*Goal of the exercise*
A word-for-word copy of the data, with no images, is the required answer.

====== Data for processing ======

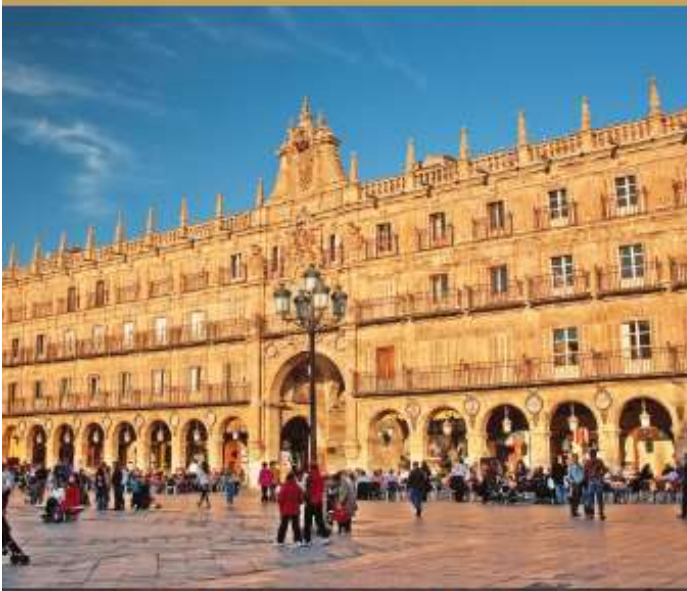
Feel the rhythm of the city in the Plaza Mayor, Salamanca, Spain
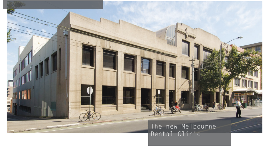
The new Melbourne Dental Clinic
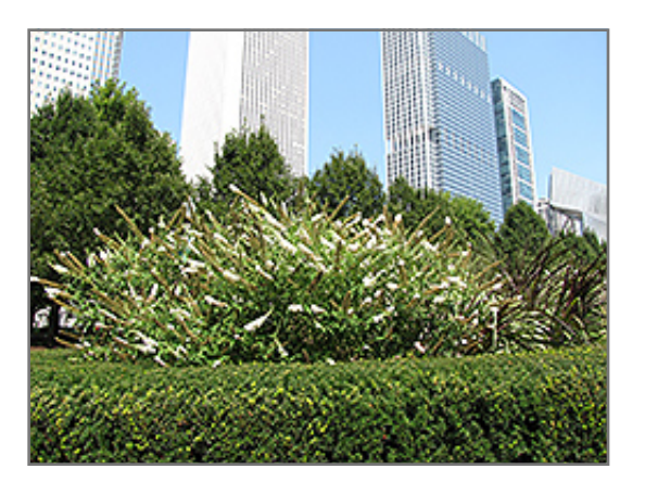
White Profusion Butterfly Bush in bloom

White Profusion Butterfly Bush is recommended for the following landscape applications;
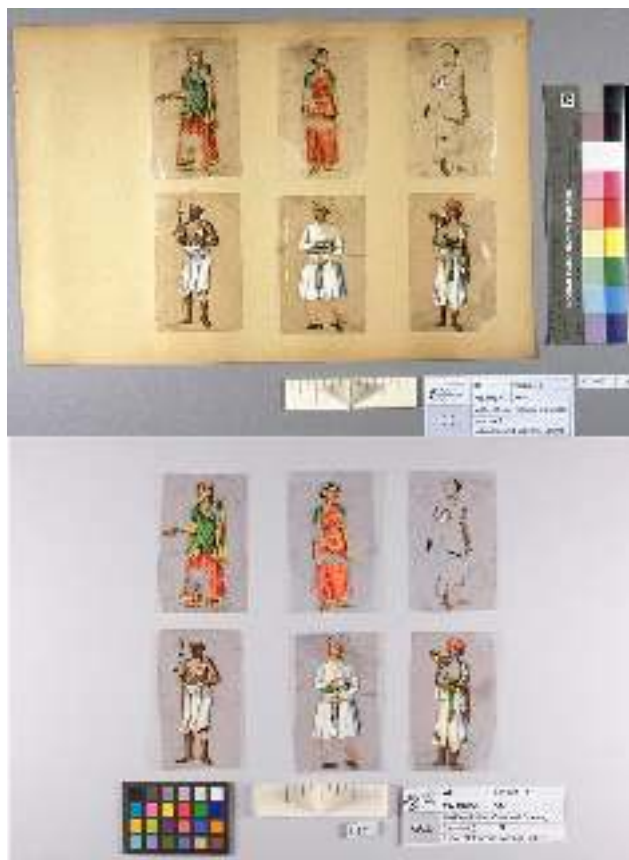
Fig. 2. Surface grime, paint loss, and mica damage. Page 27. During (top) and after (bottom) treatment.

The paintings were executed in gouache, opaque pigment-based watercolors with fillers of chalk or gypsum (Ash 1985; Hansen 1993). Layering techniques and color grounds

======

*Solution to the problem*
Feel the rhythm of the city in the Plaza Mayor, Salamanca, Spain
The new Melbourne Dental Clinic
White Profusion Butterfly Bush in bloom

White Profusion Butterfly Bush is recommended for the following landscape applications;
Fig. 2. Surface grime, paint loss, and mica damage. Page 27. During (top) and after (bottom) treatment.

The paintings were executed in gouache, opaque pigment-based watercolors with fillers of chalk or gypsum (Ash 1985; Hansen 1993). Layering techniques and color grounds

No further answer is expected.